Quand on lui fait remarquer que les candidats à la présidence sont tous deux parmi les plus impopulaires des dernières décennies, l'ambassadeur Heyman se dit tout de même « très optimiste pour le leadership de [son] pays et le fonctionnement de [son] système électoral ».

« Notre processus électoral est le plus transparent et le plus juste au monde. Quand vous avez la liberté d'expression et la liberté de la presse, les Américains peuvent utiliser les élections pour répondre à des enjeux importants et parfois sources de division, et la campagne fera parfois ressortir différentes perspectives, mais je ne voudrais jamais voir les États-Unis sacrifier la liberté d'expression et la liberté de la presse pour créer un résultat plus "doux" aux élections », a expliqué l'ambassadeur, qui ne croit pas que les Américains et les observateurs du monde entier viennent d'assister à une campagne de peur. « Les candidats ont travaillé très fort pour satisfaire les électeurs », a dit M. Heyman, ex-banquier chez Goldman Sachs, en poste à Ottawa depuis 2014.

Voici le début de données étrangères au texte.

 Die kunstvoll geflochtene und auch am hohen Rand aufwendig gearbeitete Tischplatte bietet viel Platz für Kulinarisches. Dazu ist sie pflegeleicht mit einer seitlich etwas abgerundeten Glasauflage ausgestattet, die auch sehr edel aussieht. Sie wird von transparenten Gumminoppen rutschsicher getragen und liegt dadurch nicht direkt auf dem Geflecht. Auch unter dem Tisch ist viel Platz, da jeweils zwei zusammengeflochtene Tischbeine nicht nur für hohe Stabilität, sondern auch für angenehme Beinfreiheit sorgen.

L'ambassade des États-Unis au Canada a fait sa propre campagne (apolitique, celle-là) au cours des dernières semaines pour inciter les Américains vivant au Canada à voter aujourd'hui (pour plus d'information : www.fvap.gov). Le Canada est le pays à l'extérieur des États-Unis qui compte le plus d'Américains sur son territoire, selon l'ambassade des États-Unis.

L'AGENDA D'OBAMA

En attendant l'investiture du prochain président le 20 janvier 2017, l'administration Obama a l'intention de faire avancer ses dossiers, notamment au Canada. « Le président Obama sera actif et voudra pousser son programme tant qu'il sera en fonction », a indiqué Bruce Heyman.

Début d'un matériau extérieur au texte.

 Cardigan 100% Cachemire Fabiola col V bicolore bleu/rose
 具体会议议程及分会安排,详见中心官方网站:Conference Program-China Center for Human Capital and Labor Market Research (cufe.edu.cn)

Au Canada, l'administration Obama aura ainsi des « conversations actives » dans le dossier du bois d'oeuvre. Le Partenariat transpacifique (PTP) - une « version mise à jour de l'ALENA », selon l'ambassadeur Heyman - est aussi une « priorité » pour l'administration Obama. « Adopter le PTP aidera nos économies, nous allons faire du commerce ensemble avec ou sans règles, aussi bien le faire avec des règles qui contribuent à un résultat positif pour notre pays. J'ai hâte de voir les conclusions de la consultation du Canada sur le PTP », a dit l'ambassadeur. 

Hillary Clinton et Donald Trump s'opposent tous les deux au PTP.